Review and update the following parameters as necessary:

* **Name**
* **ComputeResources > Name**
* **InstanceType**
* **MinCount**
* **MaxCount**
* **CustomSlurmSettings > RealMemory**
  * This value is specific to the instance type. Refer to the table below for the correct value.
* **CustomSlurmSettings > CpuSpecList**
  * This value is specific to the instance type. Refer to the table below for the correct value.
* **OnNodeConfigured > Sequence > Script > Args > --cores**
  * This value is specific to the instance type. Refer to the table below for the correct value.

If the `--cores` argument is defined, the WEKA mount is created using a **DPDK mount** for optimal performance. If the argument is not defined, the WEKA mount defaults to **UDP mode**. **DPDK is preferred** for all instances to achieve higher storage performance. However, certain instances, such as HeadNodes, can use a UDP mount if necessary.

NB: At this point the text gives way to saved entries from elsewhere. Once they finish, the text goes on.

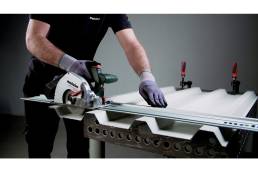 - Découpes parfaitement droites de grilles métalliques, de tôles d'acier et de tôles profilées grâce au rail de guidage (accessoire)
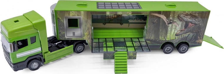 Bucurați-vă de ore de distracție cu un autocamion realist cu mers liber, cu motiv de dinozaur. Combinația de metal și plastic asigură o construcție solidă, iar lungimea de aprox. 32 cm va încânta orice mic șofer. Partea rabatabilă deschisă cu scări glisante adaugă și mai multe posibilități de joacă, inclusiv încărcare și descărcare.
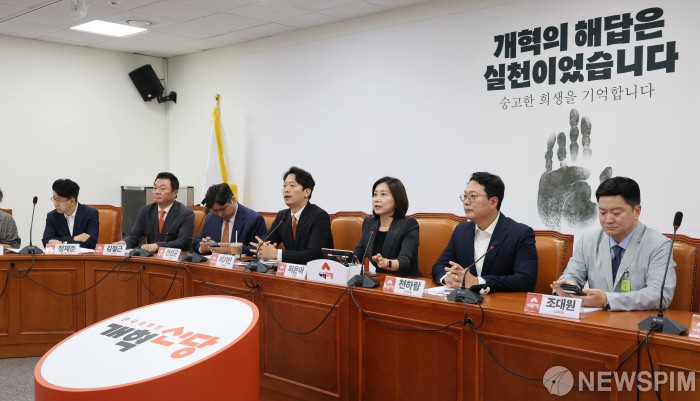 [서울=뉴스핌] 이형석 기자 = 허은아 개혁신당 대표가 12일 오전 서울 여의도 국회에서 열린 최고위원회의에서 모두발언을 하고 있다. 이날 허 대표는 모두발언을 통해 "개혁신당은 신임 독립기념관장의 임명에 분명한 반대의 뜻을 전한다"고 말했지만 "그와 별개로 광복절 정부 행사에는 참석할 것"이라고 말했다. 2024.08.12 leehs@newspim.com
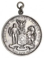 AUCKLAND CHILDREN'S FLOWER SHOW, Nov 22nd 1895, struck in silver (38mm), no maker, ring top suspension, reverse inscribed 'Presented/To/Lillie Phillips/By/The Countess/of Glasgow'. Toned, good very ...
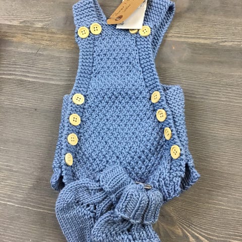 NYstrikket hentesett / romper og sokker i merinoull farge blå tåke. Veldig populært til fotografering og barselgave. Kan sendes i posten. Andre farger og størrelser kan bestilles. Romper kr 390, sokker med knapper kr 230 og votter kr 220; totalt kr 840.
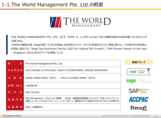 このたび株式を取得するTWM社は、シンガポールのITコンサルティング企業です。TWM社は、シンガポール国内の多くの企業に対し、主に、販売管理や在庫管理、会計管理などのバックエンドシステムの導入コンサルティングとメンテナンスサービスを提供しております。
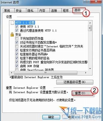 4.通过重置,可以有效地解决各种 Internet Explorer 浏览器问题。如果还不行,只能把ie的临时文件全部删除了。
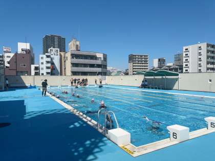 男女とも水泳の授業です。明日の水泳大会に向けて頑張っています。
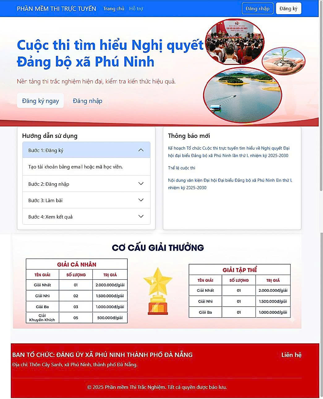 - Kết thúc Cuộc thi, Ban Tổ chức Cuộc thi sẽ công bố kết quả các cá nhân trên website: phuninh.danang.gov.vn.
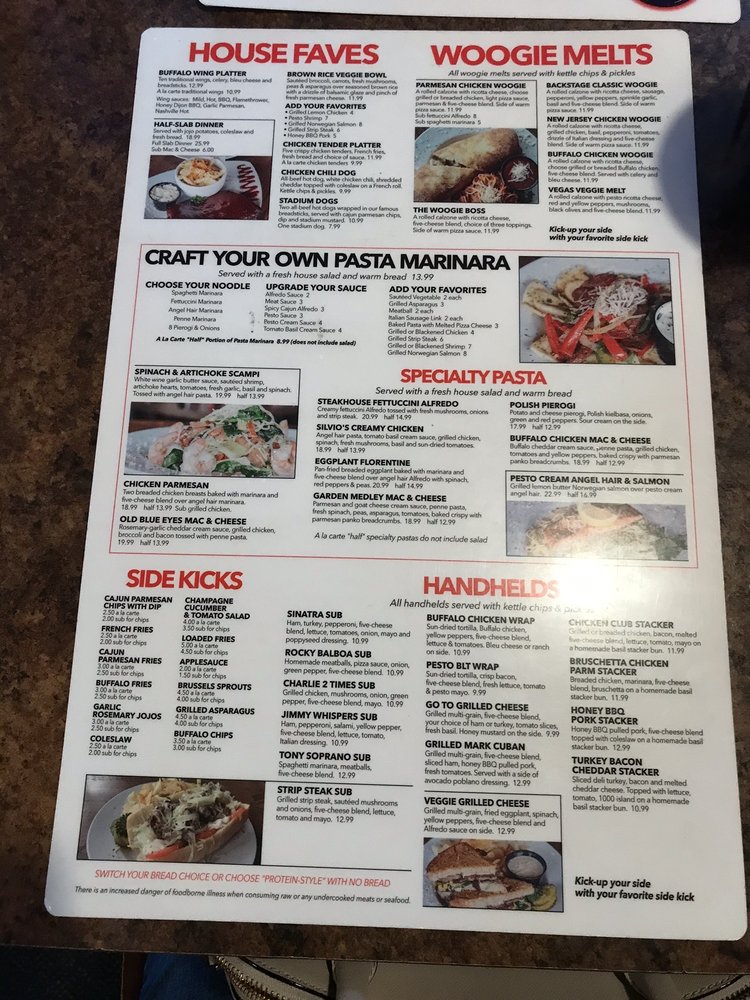 Woogie melt with a 6 cheese blend. Served with pickles, chips and sauce.
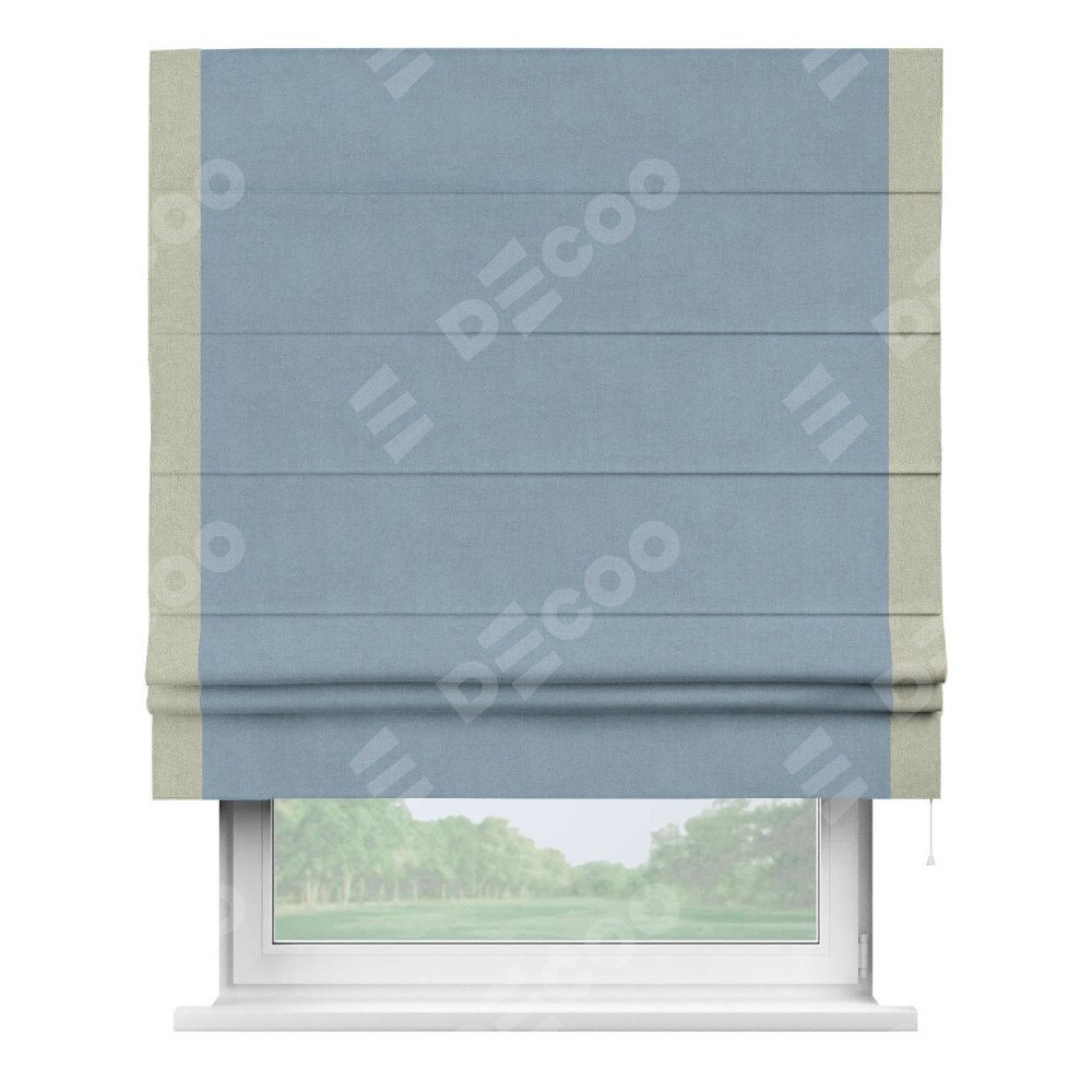 Римская штора производителя «Cortin», используется для проёма, пошита из ткани лён блэкаут голубой, артикул 69574. Отделка шторы кантом «Стрим Дуо», ткань для канта используется из льна разной расцветки на выбор. Имеет универсальный механизм и подходит для монтажа: на потолок, на стену и в нишу.
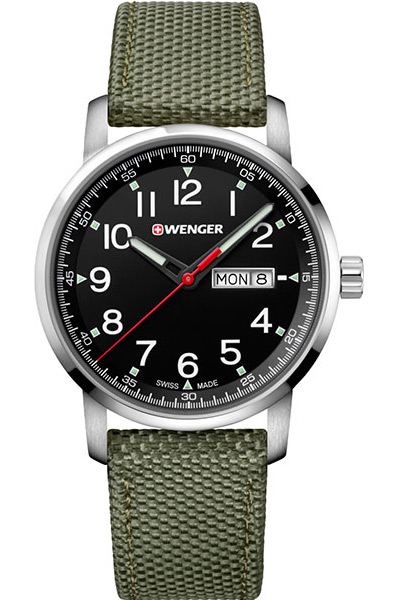 Мужские кварцевые часы Wenger 01.1541.109 коллекции Attitude Heritage. Калибр механизма — Ronda 517. На данной модели отображается текущая дата и день недели. Стрелки и цифры покрыты люминесцентным напылением (светятся в темноте). Установлено минеральное стекло с сапфировым покрытием (устойчивое к царапинам). Текстильный ремешок. Завинчивающаяся задняя крышка часов. Водонепроницаемость WR100 (10 атм). Швейцарская сборка (Swiss made). Официальная гарантия от производителя — 3 года.
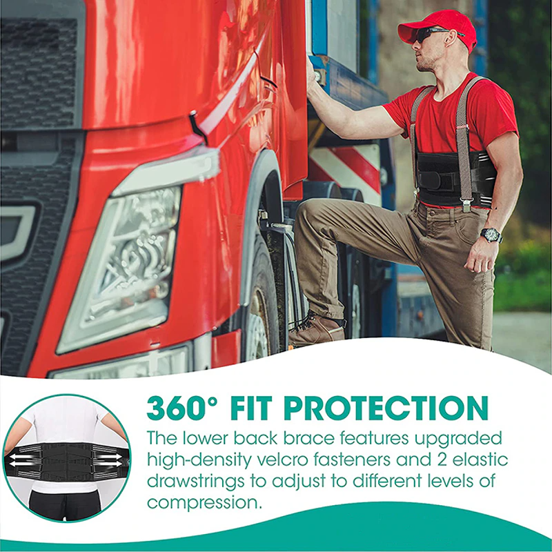 Lower Back Support Our Back brace contains 4 Memory-aluminum stays that are quadruple harder than the commonly used PP strips, and 2 steel springs placed along the waist side, offer 360° stronger vertical support to lower back, prevent excessive rolling of your muscles and decrease the pressure on your discs. Design The back support is made of 4-way stretch elastic material,3D knitting technology by different compression levels, for superior fit, breath and comfort. The inner layer is made of velvet fabric, giving an ultimate baby-skin-like silky touch, perfect for dressing internally. Preventative Back support with 2 elastic straps are designed to add extra compression around the lower back to prevent back injuries from weight lifting, long standing or sitting, doing housework, working, etc. Relief waist muscles ache, disc herniation, sciatica, scoliosis etc when wearing the back belt. 2 Silicone anti-skid bands are designed on the 2 sides of the waist, prevent the waist support belt from rolling up when sitting, bending or doing other activities. The 1.5'' * 3.7'' wide size Touch Fasteners of 2 elastic straps provides strong adhesion far beyond your expectations, made of PVC material that is usually used for babies clothes, will not scratch your skin or damage your clothes. Package includes:
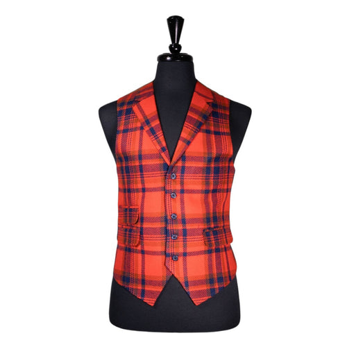 Mens Waistcoat Suit Lapel Vest 40R Orange Blue Plaid Wool Formal Wedding Party
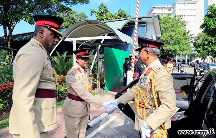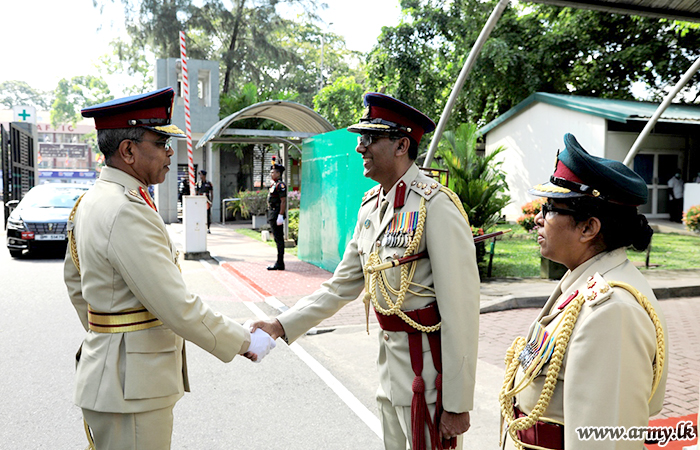 Upon his arrival at the Colombo Army Hospital compound, SLAMC troops presented a Guard Turnout salute. Afterwards, Major General P.A.C Fernando USP addressed the troops before he joined refreshments with All Ranks and interacted with those present at the location.

Additional instance types:\
If your instance type is not listed in the table below, contact the [Customer Success Team](https://app.gitbook.com/o/-L7Tp-Uy9BMSCSCx0MlK/s/uOB5D2WMRjXBnChPFTrk/) for assistance.

| Instance Type  | CpuSpecList | RealMemory |
| -------------- | ----------- | ---------- |
| hpc7a.96xlarge | 95,191      | 742110     |

### Verify security group configurations

Ensure that the AWS ParallelCluster nodes can connect with the WEKA backends on port 14000 for both TCP and UDP. Review your security group settings to confirm that the WEKA clients can communicate with the WEKA backends effectively.

### Deploy AWS ParallelCluster cluster

1. Run create-cluster

{% code overflow="wrap" %}

```
pcluster create-cluster -c pcluster.yaml --cluster-name your-cluster-name --rollback-on-failure FALSE
```

{% endcode %}

2. To assist with debugging, disable `rollback-on-failure` if errors occur.